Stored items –
>>>>>
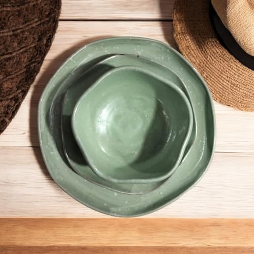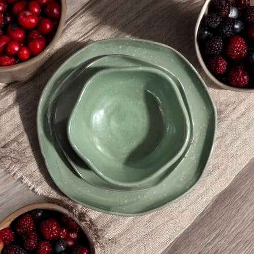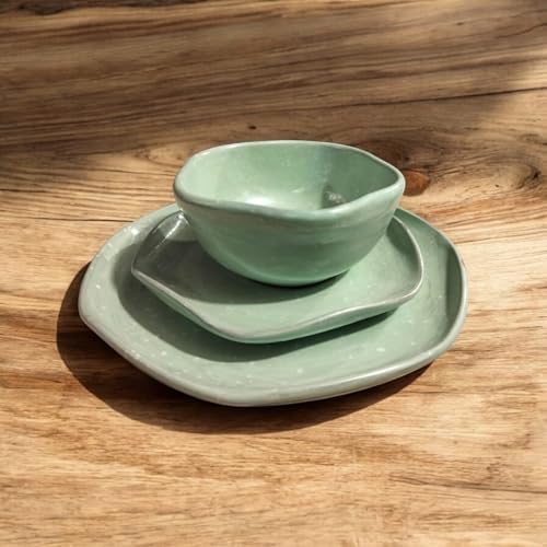 - Stoneware Plate 3 Piece Dinner Set - 10" Medium Plate - 7" Bowl
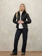 Piumino BLAUER con cuciture ad onde orizzontali con fodera in tono. Imbottitura leggera in morbida piuma e taglio svasato per risaltare la figura.
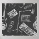 Vintage Musikproduktion nahtlos. Lautsprecher, Laptop, Kopfhörer, Mikrofon, Verstärker, Platte, Synthesizer, elektrische Gitarre. Musikproduktionskunst im Retrofluss. Groove mit den Klassikern neu. Wiederbeleben Sie die Musikszene mit einem Vintagen Instrumentarium- und Gangmuster: Musik, Muster, Produktion, nahtlos, dj, Vintag, Illustration, Klavier, Gitarre, Symbol, Mikrofon, Tastatur, Ton, Schallplatte, Ausstattung, Hintergrund, Silhouette, Verstärker, Audio, Grunge
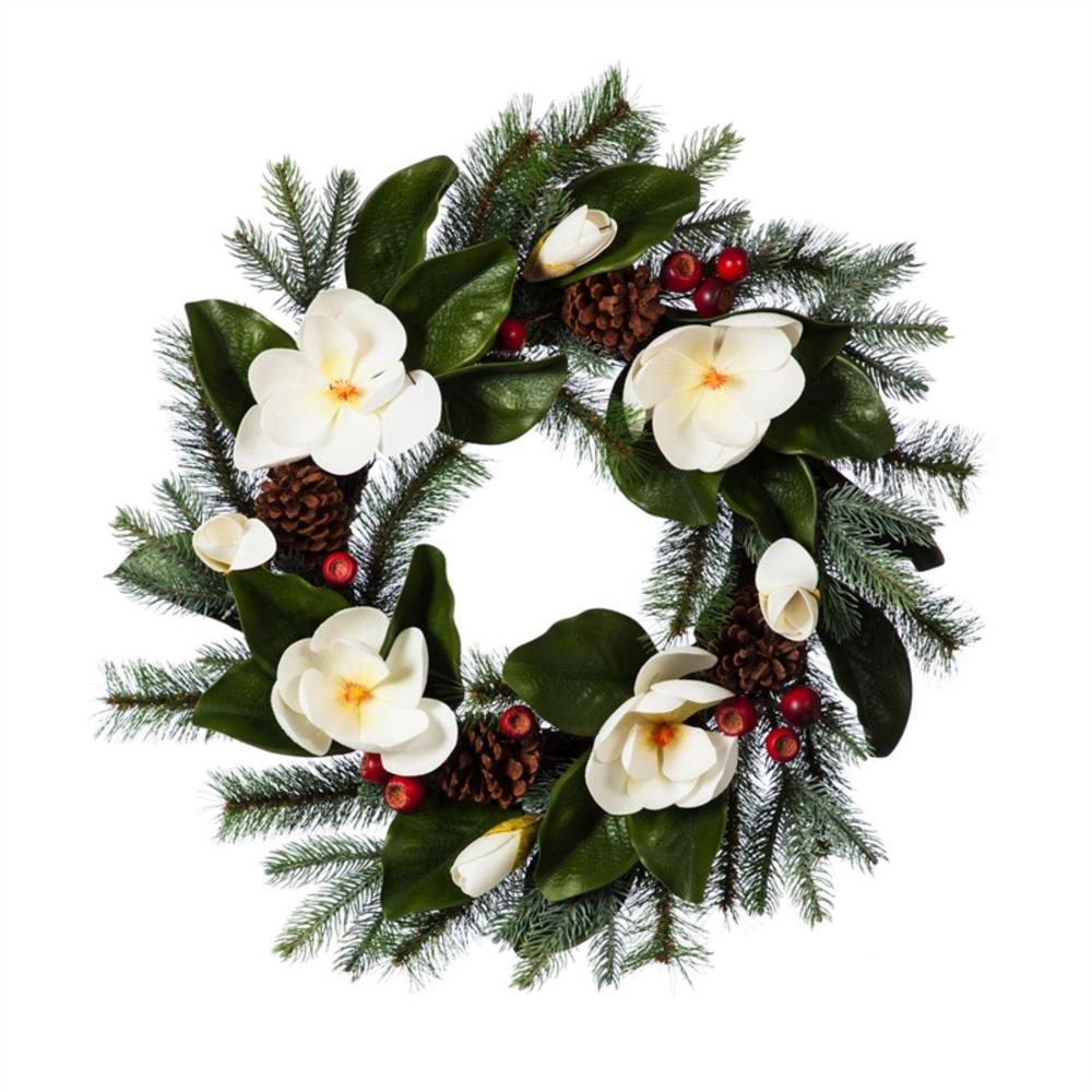 Winward Silks 24 Holly Pine Magnolia Wreath Wayfair
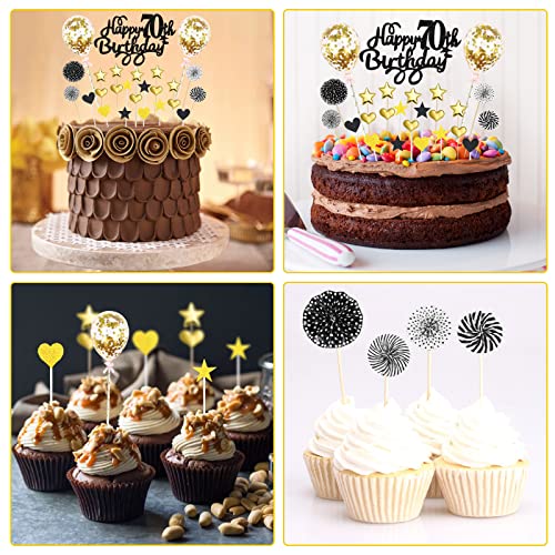 🎁Paket Beinhaltet: Sie erhalten 1 Stück schwarze tortendeko zum Happy 70th Birthday, 2 Stück gold Konfetti Luftballons tortendeko, 7 Stück gold herz tortendeko, 7 Stück gold stern tortendeko, 2 Stück schwarze herz tortendeko, 2 Stück schwarze stern tortendeko, und 4 Stück schwarze Weiß runde Papierfächer tortendeko, Insgesamt 35 Stück. Auffällige schwarze gold geburtstag tortendeko Deko, um Ihre geburtstagsfeier zu feiern.
<<<<<
What the task requires – For this exercise, transcribe the entries above exactly, without any pictures.

Output below –
 - Stoneware Plate 3 Piece Dinner Set - 10" Medium Plate - 7" Bowl
 Piumino BLAUER con cuciture ad onde orizzontali con fodera in tono. Imbottitura leggera in morbida piuma e taglio svasato per risaltare la figura.
 Vintage Musikproduktion nahtlos. Lautsprecher, Laptop, Kopfhörer, Mikrofon, Verstärker, Platte, Synthesizer, elektrische Gitarre. Musikproduktionskunst im Retrofluss. Groove mit den Klassikern neu. Wiederbeleben Sie die Musikszene mit einem Vintagen Instrumentarium- und Gangmuster: Musik, Muster, Produktion, nahtlos, dj, Vintag, Illustration, Klavier, Gitarre, Symbol, Mikrofon, Tastatur, Ton, Schallplatte, Ausstattung, Hintergrund, Silhouette, Verstärker, Audio, Grunge
 Winward Silks 24 Holly Pine Magnolia Wreath Wayfair
 🎁Paket Beinhaltet: Sie erhalten 1 Stück schwarze tortendeko zum Happy 70th Birthday, 2 Stück gold Konfetti Luftballons tortendeko, 7 Stück gold herz tortendeko, 7 Stück gold stern tortendeko, 2 Stück schwarze herz tortendeko, 2 Stück schwarze stern tortendeko, und 4 Stück schwarze Weiß runde Papierfächer tortendeko, Insgesamt 35 Stück. Auffällige schwarze gold geburtstag tortendeko Deko, um Ihre geburtstagsfeier zu feiern.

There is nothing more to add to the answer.